Patricia Cornwell “Il fattore Scarpetta” Mondadori euro 13 (in realtà,
scontato 11,05 euro)
[A: 02/10/2011 – I: 31/03/2012 – T: 04/04/2012]
[titolo: The Scarpetta Factor; lingua: inglese; pagine: 416;
anno: 2008]
Siamo tornati molto ma molto in
basso! Nelle ultime prove, sembrava che fosse tornata un po’ di verve alla
nostra beneamata scrittrice. Così che anche i suoi personaggi e le storie (con
una ventina di titoli alle spalle) della famosa anatomo–patologa Kay Scarpetta
avevano ripreso quota. Si tornava a parlare di procedure di analisi, di
elementi di indagine, ed altre amenità che ci hanno fatto voler bene a questi
libri seriali. Ma ora ci dev’essere stato un intoppo. Che so, qualche scadenza
da rispettare, qualche migliaia di righe da scrivere anche senza ispirazione.

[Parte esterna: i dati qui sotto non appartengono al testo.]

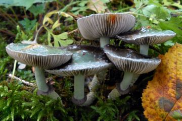 Skupinka límcovek měděnkových (Stropharia aeruginosa).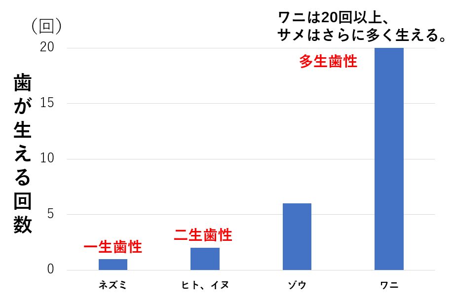 また、歯の生えかわる回数も動物によって違い、1回だけ生えかわるヒトは「二生歯性」ですが、サメは何度も生えかわる「多生歯性」です(図2)。

Ed allora che fa la nostra Patricia? Si concentra da un lato sui rapporti
interpersonali tra i suoi personaggi storici: Kay ed il marito Benton; Lucy e
la sua fiamma Jaime; e poi Benton vs. Marino, e Kay vs. Lucy. Dall’altra non
trova di meglio che tirar fuori dal cilindro l’unico nemico storico rimasto ai nostri
eroi. Quel famoso Jean-Baptise Chardonne che alcuni libri fa inopinatamente
fugge dal braccio della morte di un carcere e fa perdere le sue tracce. Il
tutto condito da un mistero piccolo piccolo: la morte di una giovane ragazza e
la scomparsa di una donna analista finanziaria di un grande patrimonio. L’unico
elemento “patologo” è la discussione tra il procuratore Jaime che mostra un video
con la ragazza viva e le convinzioni di Kay, che attraverso l’autopsia aveva
collocato la morte 24 ore prima del video. E poi basta. Solo gran parlare,
sviscerare i vecchi misteri. Perché Benton scomparve per 6 anni? E quali sono i
rapporti tra Benton e l’FBI? Perché una sessantenne maniaca dice di essere la
zia di un attore? E perché il detto attore frequenta ospedali e camere
mortuarie? Chi invia pacchi-bomba a Kay? Che c’entra una giornalista televisiva
in rovina alla ricerca di uno scoop che non riesce a trovare? Come mai
l’analista finanziaria scomparsa a fatto perdere milioni di dollari a Lucy? E
perché Lucy non l’ha detto a Jaime? E via cianciando del passato, per pagine e
pagine. Lanciando solo qualche messaggio che le nuove tecnologie avanzano. Così
si da spazio a Lucy, la nostra espertissima, che parla di reti neurali,
BlackBerry con GPS, ed altre amenità tecnologiche. Dando anche spazio a Benton
e all’FBI di fare lunghe riunioni sui “profiler”, professione avanzante nel
panorama del crimine statunitense. Con qualche chicca laterale (viene citata la
figura di Benton come ispiratrice di un profiler del libro “Il silenzio degli
innocenti” come se il libro fosse cronaca e non fantasia). Ma noi seguiamo
pagina dopo pagina, sperando che ci sia qualche cosa da scoprire, qualche
risvolto strano, un disvelamento. Arrivando poi alle ultime 10 pagine, dove
dovrebbe esserci la catarsi, lo scioglimento dei nodi, lo svelarsi dei (non
tanti) misteri. Ebbene come se la cava la nostra Patricia? In poche righe,
liquida il colpevole, gli fa fare questo e quello, mette tutte le caselline al
posto giusto. Ma senza due righe di partecipazione. Senza elementi di
coinvolgimento. In altri momenti ed altri libri, avrebbe tirato (e con piacere)
per almeno cinquanta pagine. Facendo partecipare un po’ tutti, e dando a Kay
poi il ruolo di narratore degli esatti svolgimenti di morti ed altre nefandezze.
Invece, niente. Ci sono morti che si intuiscono, ma non vengono spiegate.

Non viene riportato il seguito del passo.